A faithful copy of every entry, with the pictures removed, is what is needed here.

- INFORMATION GIVEN -
* * *
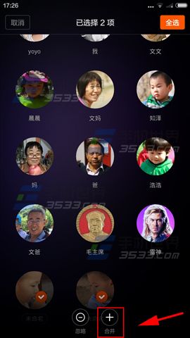 3)一些未能识别出来的面孔可以【合并】,在面孔相册里我们还可以【修改名字】及【查找】可能是同一面孔的相片。(如下图)
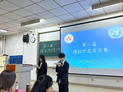 10月27日晚18:30,由外国语学院团委主办,科创部、文体部、外联部、外语之角联合承办第一届模拟外交官大赛初赛5-101教室顺利举行。本次比赛邀请到高乔楠、卢、冉志晗及李发俊四位老师担任评委,全校共计49组学生方阵参加了初赛。
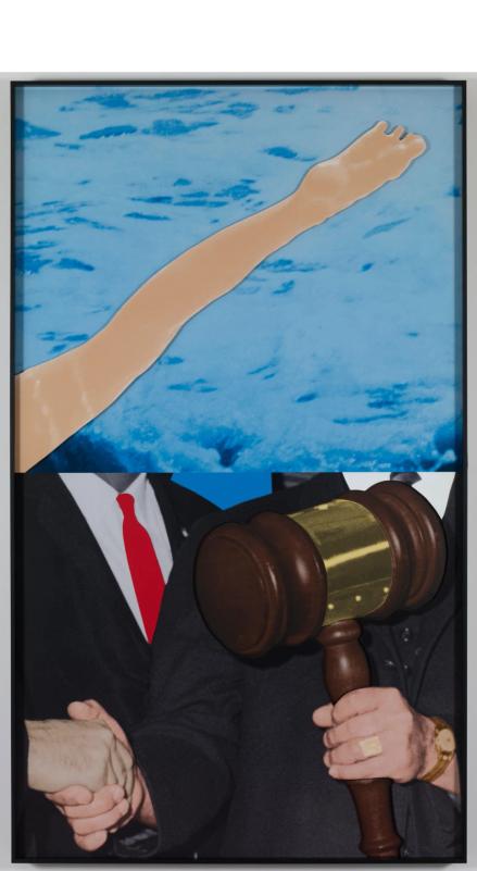John Baldessari's "Hands and/or Feet (Part One)" series from 2009 continues his exploration into the realms of conceptual and surrealist art. This series features a variety of works that showcase Baldessari's unique ability to blend photography and painting into intriguing compositions. The artworks typically involve the juxtaposition of human appendages with unexpected elements or contexts, creating a visual dialogue that is at once familiar and disorienting.
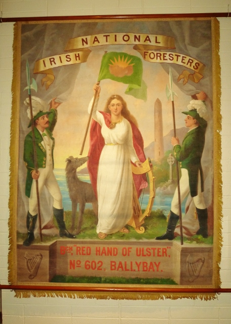 Quincey Dougan spoke about Monaghan unionists, in particular their contribution to the formation of the Ulster Volunteer Force. For a more detailed look at the subject, you can find his article on the subject here. One of the flags included in the exhibition comes from the 2nd Battalion of the UVF in Monaghan, which Quincey explained had its headquarters in Clones under the command of Lt Colonel Madden of Hilton Park outside the town. After the outbreak of World War I, Madden was replaced by a prominent solicitor Michael Knight, also Grandmaster of the County Orange.
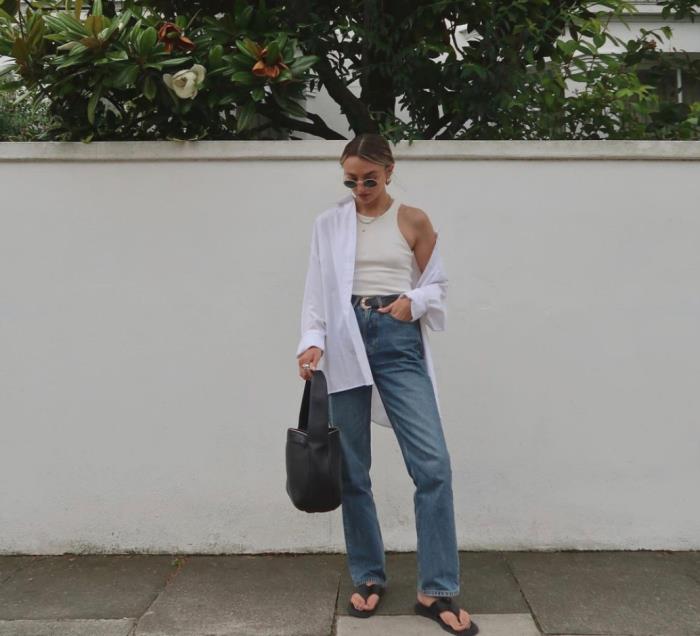 下图时装博主的穿搭就是很好的例子,清爽的白衬衫加上显瘦的小背心和休闲风牛仔裤,看似简约日常的单品,因为穿着时注意身材比例,整体搭配在一起不但风格鲜明也很有修饰作用。
* * *
- REPLY -
 3)一些未能识别出来的面孔可以【合并】,在面孔相册里我们还可以【修改名字】及【查找】可能是同一面孔的相片。(如下图)
 10月27日晚18:30,由外国语学院团委主办,科创部、文体部、外联部、外语之角联合承办第一届模拟外交官大赛初赛5-101教室顺利举行。本次比赛邀请到高乔楠、卢、冉志晗及李发俊四位老师担任评委,全校共计49组学生方阵参加了初赛。
John Baldessari's "Hands and/or Feet (Part One)" series from 2009 continues his exploration into the realms of conceptual and surrealist art. This series features a variety of works that showcase Baldessari's unique ability to blend photography and painting into intriguing compositions. The artworks typically involve the juxtaposition of human appendages with unexpected elements or contexts, creating a visual dialogue that is at once familiar and disorienting.
 Quincey Dougan spoke about Monaghan unionists, in particular their contribution to the formation of the Ulster Volunteer Force. For a more detailed look at the subject, you can find his article on the subject here. One of the flags included in the exhibition comes from the 2nd Battalion of the UVF in Monaghan, which Quincey explained had its headquarters in Clones under the command of Lt Colonel Madden of Hilton Park outside the town. After the outbreak of World War I, Madden was replaced by a prominent solicitor Michael Knight, also Grandmaster of the County Orange.
 下图时装博主的穿搭就是很好的例子,清爽的白衬衫加上显瘦的小背心和休闲风牛仔裤,看似简约日常的单品,因为穿着时注意身材比例,整体搭配在一起不但风格鲜明也很有修饰作用。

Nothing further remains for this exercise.